-- TASK PROMPT --
When you copy the material below, keep every line exact and leave each picture out.

-- SUPPLIED INFORMATION --
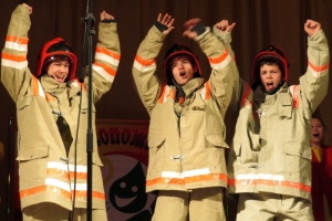 В итоге всех выступлений с минимальным отрывом победа досталась команде «Попробуй, потуши!» из Дома детского творчества города Десногорска - весёлая, сплочённая бригада с отличными типажами, хорошей коллективной и индивидуальной игрой и очень грамотным использованием видео-сопровождения. В первом выступлении ребята очень неплохо в шутливо-поэтической форме прошлись по каждому члену команды, дополнив номер юмористическими пожарными новостями. В СТЭМе юным КВНщикам наиболее удался разбор вопроса, почему пожары тушат только женщины, памятуя о «горящей избе» и «остановленном коне». В «узыкалке» команда заработала все высшие баллы членов жюри за представление собственной версии заочного соревнования профессий, в котором победителем выходит конечно же пожарный. И всё это под ностальгический для многих шлягер про милого бухгалтера, в хорошем темпе, весело и с очень приличным вокалом. В итоге - заслуженное первое место.
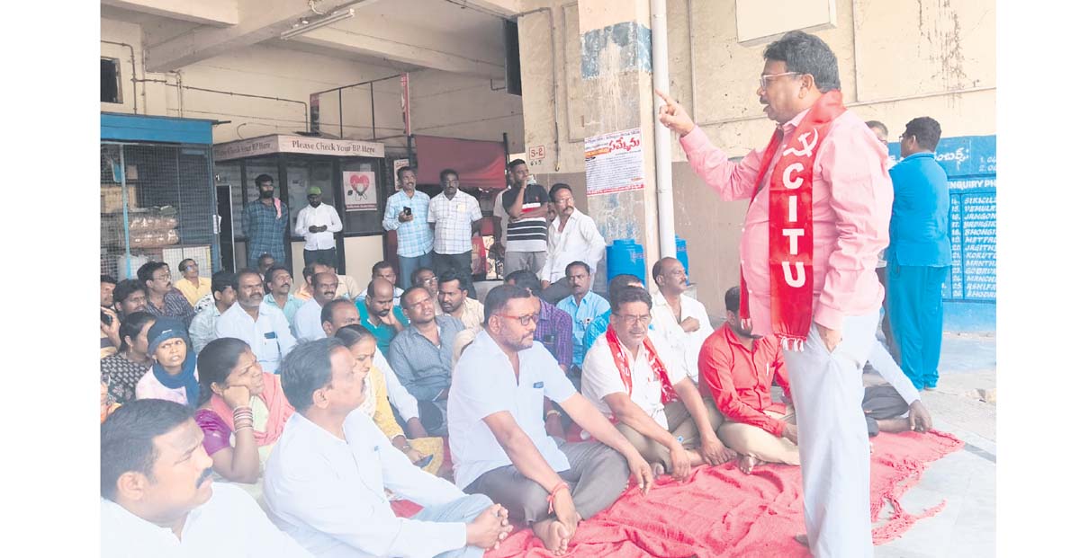అద్దె బస్సుల ముసుగులో సంస్థను ప్రయివేటు వ్యక్తులకు కట్టబెట్టడంలో భాగంగా జరుగుతున్న ఎలక్ట్రిసిటీ బస్సులను ప్రయివేటు వ్యక్తుల ద్వారా కొనుగోలు చేసి నడపడం మానుకోవాలన్నారు. ప్రభుత్వమే నేరుగా ఎలక్ట్రిక్ బస్సులను కొనుగోలు చేసి, వాటిని సంపూర్ణంగా ఆర్టీసీ సంస్థకే అప్పగించాలన్నారు. డ్రైవర్, కండక్టర్ నియామకాలను వెంటనే చేపట్టి కార్మికులపై అదనపు పని భారాన్ని తగ్గించాలన్నారు. గుర్తింపు సంఘం ఎన్నికలను జరపకపోవడం అంటే వారి హక్కులను కాలరాస్తూ, కార్మికుల గొంతు నొక్కడమే అని విమర్శించారు. ఇది కార్మికవర్గం సాధించుకున్న చారిత్రక హక్కులపై దాడి అని.. తక్షణమే గుర్తింపు సంఘం ఎన్నికలు నిర్వహించాలని డిమాండ్ చేశారు. 39 వేల మంది కార్మికులు రోడ్డున పడేలా రాష్ట్ర ప్రభుత్వం వ్యవహరిస్తోందన్నారు. తక్షణమే ప్రయాణికులు, ఆర్టీసీ కార్మికుల ఇబ్బందులను దృష్టిలో ఉంచుకుని ప్రభుత్వం సమ్మె విరమింపజేయాలని డిమాండ్ చేశారు. ఈ కార్యక్రమంలో సీఐటీయు జిల్లా కార్యదర్శి కాముని గోపాలస్వామి, జిల్లా సహాయ కార్యదర్శి చొప్పరి రవికుమార్, వ్యవసాయ కార్మిక సంఘం జిల్లా కార్యదర్శి రాళ్లబండి శశిధర్, ఐద్వా జిల్లా సహాయ కార్యదర్శి జాలిగాపు శిరీష, జేఏసీ నాయకులు రాజు, మహేశ్వరరెడ్డి, రాజయ్య పాల్గొన్నారు.
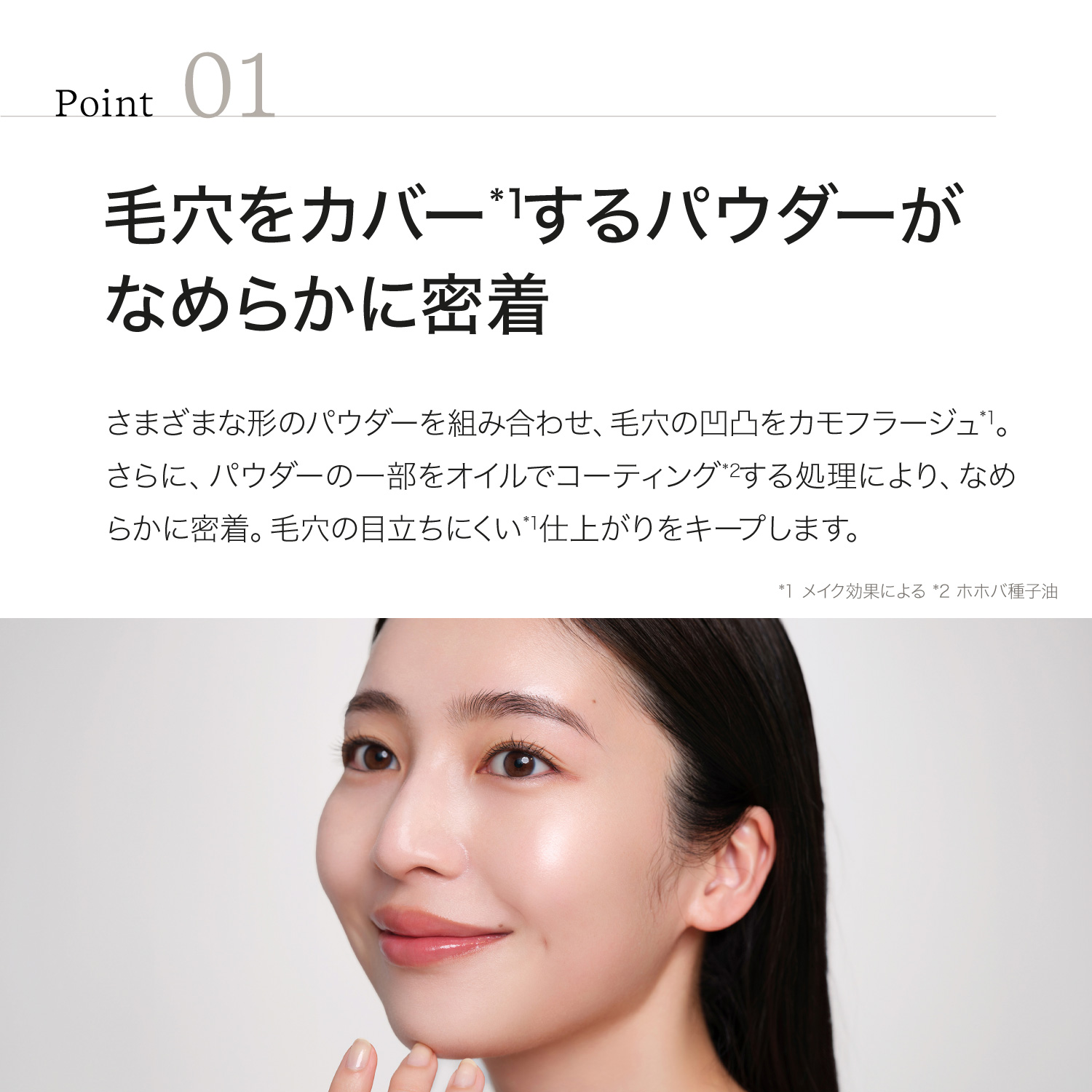 毛穴が目立たないセミマットな質感に、うるおいとなめらかさを閉じ込めて
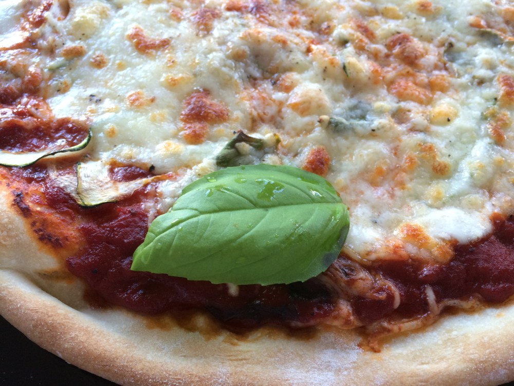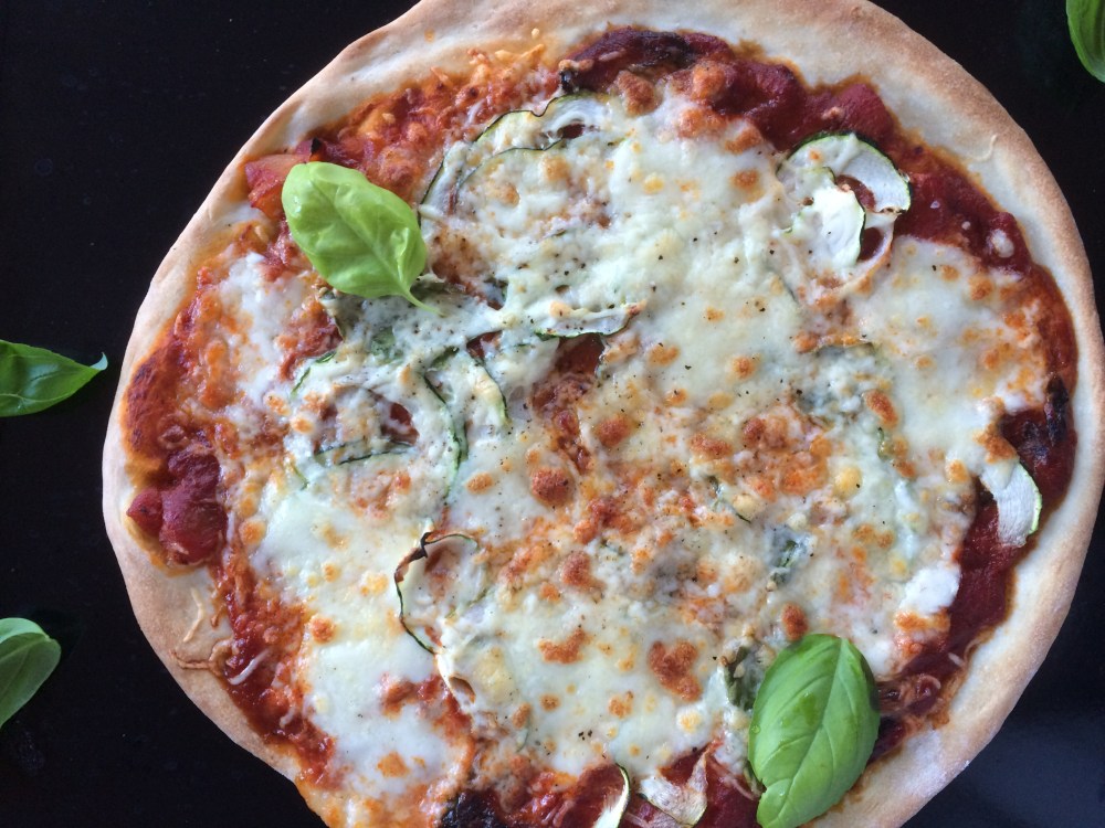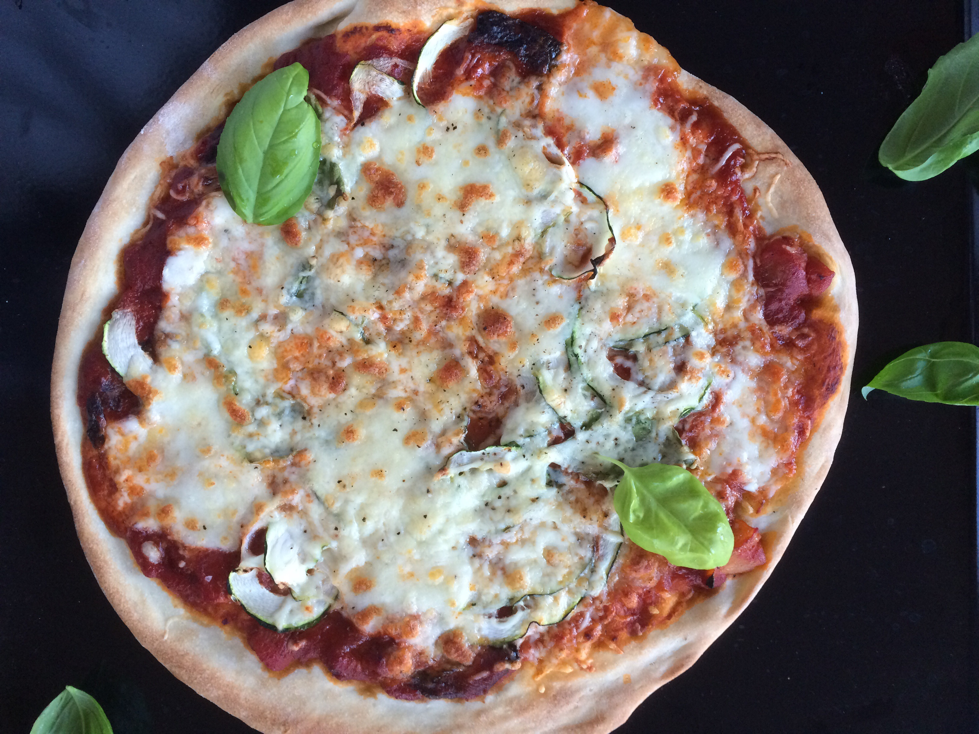 If you have a Pizza stone .. And I recommend you do; place it in your oven as it preheats to 250C, and divide your dough in 4 or 5 balls. Quickly work the doug on a wells floured surface until it forms a pizza shape ( don’t worry about it being perfect!), place it on the stone or on a tray covered with baking paper and add the tomato sauce, then simply select your toppings and add as much grated cheese as you dare! Place your pizza in the middle of the oven for ~15 minutes or until the bottom is cooked & the toppings look ready.

-- ANSWER TO THIS EXERCISE --
 В итоге всех выступлений с минимальным отрывом победа досталась команде «Попробуй, потуши!» из Дома детского творчества города Десногорска - весёлая, сплочённая бригада с отличными типажами, хорошей коллективной и индивидуальной игрой и очень грамотным использованием видео-сопровождения. В первом выступлении ребята очень неплохо в шутливо-поэтической форме прошлись по каждому члену команды, дополнив номер юмористическими пожарными новостями. В СТЭМе юным КВНщикам наиболее удался разбор вопроса, почему пожары тушат только женщины, памятуя о «горящей избе» и «остановленном коне». В «узыкалке» команда заработала все высшие баллы членов жюри за представление собственной версии заочного соревнования профессий, в котором победителем выходит конечно же пожарный. И всё это под ностальгический для многих шлягер про милого бухгалтера, в хорошем темпе, весело и с очень приличным вокалом. В итоге - заслуженное первое место.
అద్దె బస్సుల ముసుగులో సంస్థను ప్రయివేటు వ్యక్తులకు కట్టబెట్టడంలో భాగంగా జరుగుతున్న ఎలక్ట్రిసిటీ బస్సులను ప్రయివేటు వ్యక్తుల ద్వారా కొనుగోలు చేసి నడపడం మానుకోవాలన్నారు. ప్రభుత్వమే నేరుగా ఎలక్ట్రిక్ బస్సులను కొనుగోలు చేసి, వాటిని సంపూర్ణంగా ఆర్టీసీ సంస్థకే అప్పగించాలన్నారు. డ్రైవర్, కండక్టర్ నియామకాలను వెంటనే చేపట్టి కార్మికులపై అదనపు పని భారాన్ని తగ్గించాలన్నారు. గుర్తింపు సంఘం ఎన్నికలను జరపకపోవడం అంటే వారి హక్కులను కాలరాస్తూ, కార్మికుల గొంతు నొక్కడమే అని విమర్శించారు. ఇది కార్మికవర్గం సాధించుకున్న చారిత్రక హక్కులపై దాడి అని.. తక్షణమే గుర్తింపు సంఘం ఎన్నికలు నిర్వహించాలని డిమాండ్ చేశారు. 39 వేల మంది కార్మికులు రోడ్డున పడేలా రాష్ట్ర ప్రభుత్వం వ్యవహరిస్తోందన్నారు. తక్షణమే ప్రయాణికులు, ఆర్టీసీ కార్మికుల ఇబ్బందులను దృష్టిలో ఉంచుకుని ప్రభుత్వం సమ్మె విరమింపజేయాలని డిమాండ్ చేశారు. ఈ కార్యక్రమంలో సీఐటీయు జిల్లా కార్యదర్శి కాముని గోపాలస్వామి, జిల్లా సహాయ కార్యదర్శి చొప్పరి రవికుమార్, వ్యవసాయ కార్మిక సంఘం జిల్లా కార్యదర్శి రాళ్లబండి శశిధర్, ఐద్వా జిల్లా సహాయ కార్యదర్శి జాలిగాపు శిరీష, జేఏసీ నాయకులు రాజు, మహేశ్వరరెడ్డి, రాజయ్య పాల్గొన్నారు.
 毛穴が目立たないセミマットな質感に、うるおいとなめらかさを閉じ込めて
 If you have a Pizza stone .. And I recommend you do; place it in your oven as it preheats to 250C, and divide your dough in 4 or 5 balls. Quickly work the doug on a wells floured surface until it forms a pizza shape ( don’t worry about it being perfect!), place it on the stone or on a tray covered with baking paper and add the tomato sauce, then simply select your toppings and add as much grated cheese as you dare! Place your pizza in the middle of the oven for ~15 minutes or until the bottom is cooked & the toppings look ready.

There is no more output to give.